# OLLO Bikes - Erfahrungen



## pixie_dust (28. Juli 2017)

Hallo zusammen, 

hat schon jemand Erfahrungen mit den relativ neuen Ollo-Bikes machen können? 
https://ollo-bikes.com

Sind zwar gewichtsmäßig nicht bei Pyro, Kubike und Co. anzusiedeln aber mit ca. 9 kg vielleicht trotzdem noch interessant.


----------



## Itekei (2. September 2017)

Bin heute auf der Eurobike auf dem Weg zu Woom über Ollo Bikes gestolpert. Sahen echt ganz nett aus wenn auch schwerer als Woom/Kubikes/Isla/Frog. Dafür lassen sich die Farben customizen. 
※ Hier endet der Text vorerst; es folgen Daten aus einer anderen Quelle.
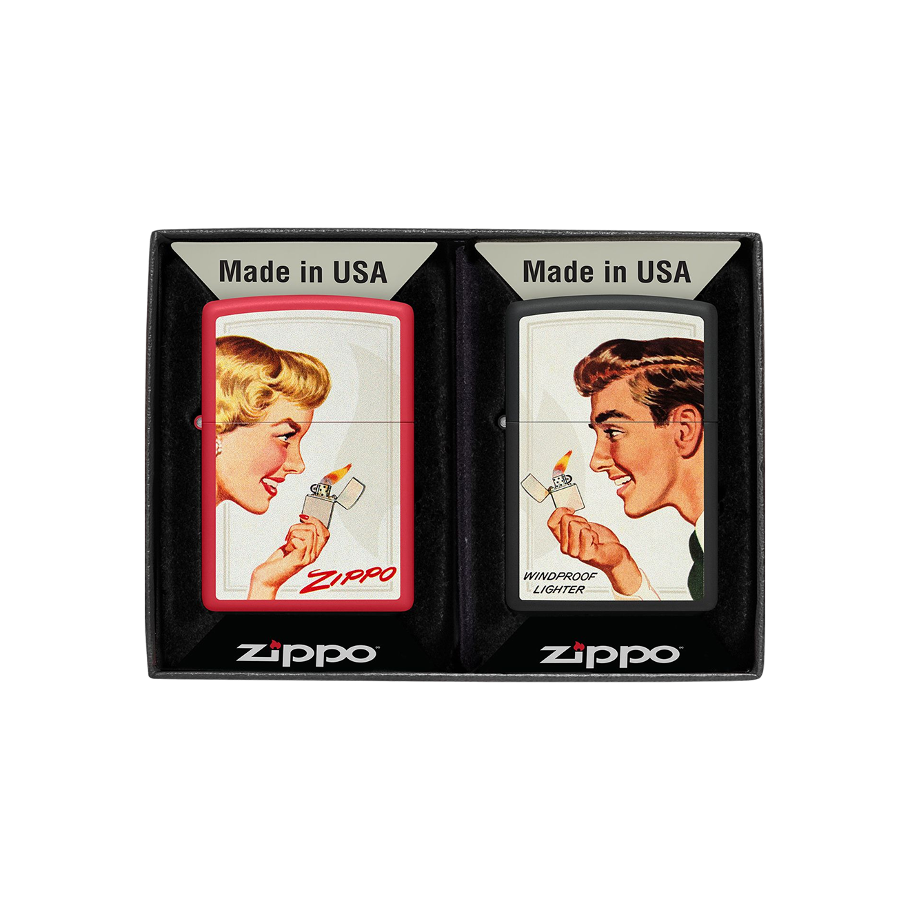 Изображения на парных зажигалках отсылают к американской винтажной рекламе. На оригинальном плакате 1948 года была надпись: The Gift That Never Fails — «Подарок, который никогда не подведет»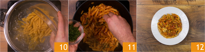 Wanneer het water kookt, voeg je de pasta toe 10 en kook je die al dente. Giet de pasta af en doe hem direct in de pan met saus. Meng goed, voeg de fijngehakte peterselie toe 11 en schep nogmaals om. Serveer de penne all'arrabbiata met champignons direct, goed heet 12.

Mich würde auch interessieren, ob schon jemand mit Ollo Erfahrungen gesammelt hat.


----------



## MTB-News.de




----------



## KIV (2. September 2017)

Naja, das 'Customizing' ist ja offenbar auf ein paar Farben begrenzt. Dazu gibt's dann noch Sticker, die zumindest meinen Geschmack (und auch die meines Fahrers) nicht treffen.
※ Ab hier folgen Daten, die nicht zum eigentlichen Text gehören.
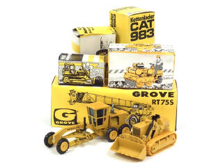 comprend : CATERPILLAR 983 bulldozer sur chenilles (état 'A.b'), D4D (état 'D.b'), 12G profileur (état 'C.c'), BOMAG 90SL rouleau compresseur (état 'B.b') & GROVE RT75S grue sur roues (état 'A-.b', jantes plus ou moins fondues dont 2 avec traces de papier)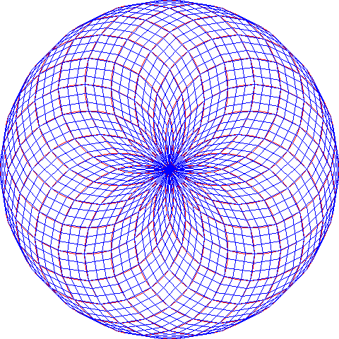 θ1-θ2空間のメッシュに写像cを適用すると、写像先のx-y空間の円内に次のような模様が描かれます。

Rein technisch kann ich den Sinn der Oversized-Rohre nicht nachvollziehen. Und das WC-Enten-Design mit extrahohem Oberrohr ist auch totaler Blödsinn. Gerade beim Kinderrad kommt es auf eine niedrige Überstandshöhe an. Das bringt Sicherheit und ermöglicht einen frühzeitigen Umstieg auf die nächste Radgröße. Mit sechs Jahren ging bei uns schon Kania 24s, Ollo sagt beim 20er "ab sechs Jahren"...


----------



## soulslight (3. September 2017)

ich versteh auch nicht warum ich meinem Kind 2 Kilo an Mehrgewicht zumuten muss und dabei weder technisch noch preislich einen Vorteil habe.


----------



## Linipupini (3. September 2017)

Die wollen leichte Räder bauen, ihre Philosophie!
und hauen dann ein 20er mit 9kg raus ohne alles für 399€
Würde ich nicht kaufen! 
Die Farben! grässlich!


----------



## Itekei (3. September 2017)

Ich schaue mich grade nach einem 20" für meine Tochter um. Mit 9kg gehören die Ollo sicher nicht zu den Schlimmsten, allerdings auch nicht zu den Besten. Hier mal meine Übersicht. Denke wir bleiben weiterhin bei Woom. Die bekomme ich billiger und leichter.


----------